Turning to specific personal jurisdiction, the Court evaluated three aspects of defendants' actions in Maryland: (1) the extent to which defendants purposefully availed themselves of the privilege of conducting activities in the state; (2) whether the plaintiff's claims arise out of those activities directed at the state; and (3) whether the exercise of personal jurisdiction would be constitutionally reasonable. BSI argued that Realtime and KDMS own or control windowscasino.com, the company that helped Thom design his Golden Rhino website and send the unsolicited e-mail advertisements, thus connecting Realtime and KDMS to Maryland through the e-mails sent by windowscasino.com and Thom. The Court did not accept this argument; in order to show that KDMS or Realtime were responsible for the e-mails, BSI had to show that there was an agency relationship between KDMS/Realtime and windowscasino.com/Thom. There was no evidence of any such formal agency or contractual relationship between those parties, and thus, the Court determined that exercising specific personal jurisdiction over Realtime and KDMS would be constitutionally unreasonable.
INTERNET CASINO'S SPAM E-MAILS DID NOT CREATE NECESSARY MINIMUM CONTACTS WITH MARYLAND
As a last matter, the Court passed on the trial court's decision not to allow BSI limited discovery for purposes of showing the Court's jurisdiction. Such "jurisdictional discovery" is often sought in order to determine at the outset whether a court has jurisdiction to entertain a case. In this case, the Court determined that, because BSI had nothing more than a web link on windowscasino.com that led to a Realtime Gaming site, discovery was not warranted.
The dissent seized on the denial of jurisdictional discovery and argued that the trial court's decision not to allow jurisdictional discovery was highly unusual, especially in light of "[t]he elusive nature of Internet presence, together with the strong incentives for 'spammers' to conceal their identities . . . ." Without some jurisdictional discovery, the dissent argued, the courts were closed to plaintiffs who might reasonably wish to invoke the legislature's anti-spam statute. The dissent was not certain that there was not an agency relationship leading from windowscasino.com back to KDMS and Realtime Gaming, but that jurisdictional discovery would have helped determine whether such agency did exist.
In sum, this case is an important development of Maryland personal jurisdiction jurisprudence, as it outlines the contours of Maryland's long arm statute and the hurdles plaintiffs must clear in order to apply Maryland's anti-spam statute.
Maryland Boulevard Law is not an Absolute Shield to Liability for Common Carrier: Washington Metropolitan Area Transit Authority v.

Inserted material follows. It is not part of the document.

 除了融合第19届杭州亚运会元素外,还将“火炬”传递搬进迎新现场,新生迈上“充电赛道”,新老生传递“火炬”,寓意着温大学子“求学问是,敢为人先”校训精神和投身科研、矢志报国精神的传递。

Seymour, 2005 WL 1122943 (May 13, 2005).
Holding: "[W]here a passenger on a common carrier suffers injury, and that injury may have been brought about . . . by negligence on the part of the common carrier driver, the common carrier is not shielded from liability by the boulevard law of this State, even where the common carrier enjoyed favored status on the roadway in respect to the driver of the other vehicle."

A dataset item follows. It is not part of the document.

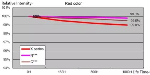 這種艾比森自主研發(fā)的燈珠,紅/綠/藍燈平均亮度為2200mcd/5200mcd/880mcd,而日亞燈的紅/綠/藍平均亮度只有1600mcd/3400mcd/750mcd;同時,A1699相比以往,紅燈亮度提升125%,這意味著消耗同樣功耗的屏體,亮度變得更高。燈在光衰測試中,A1699的表現(xiàn)也非常出色 ,R/G/B的1000小時高溫衰減實驗中顯示為零衰減。

Case Summary: When the Metrobus she was riding in came to an abrupt stop near the intersection of Riggs Road and University Boulevard in Prince George's County, Ms. Josephine Seymor was thrown from her seat and suffered a fracture in her right leg. She sued WMATA and recovered $20,000 at trial, an award that was confirmed by the Circuit Court of Prince George's County. WMATA appealed the award to the highest court, which again found that the trial and intermediate courts had not erred. Seymour, age 64, had seated herself in the "priority seating area" of the bus; this is the bench-like seat behind the driver that, rather than facing forward, faces toward the opposite side of the bus, allowing the handicapped and elderly easier access to seating. As the bus pulled away from a service stop, the driver observed a "phantom vehicle" approaching the road via a parking lot exit driveway. Thinking the car would stop, the bus driver continued to accelerate -- apparently somewhat rapidly; at the last second, however, the phantom vehicle pulled onto the road in front of the bus. The bus driver avoided hitting the car, but because of his abrupt braking, Ms. Seymour and another passenger were thrown from their seats and sustained injuries.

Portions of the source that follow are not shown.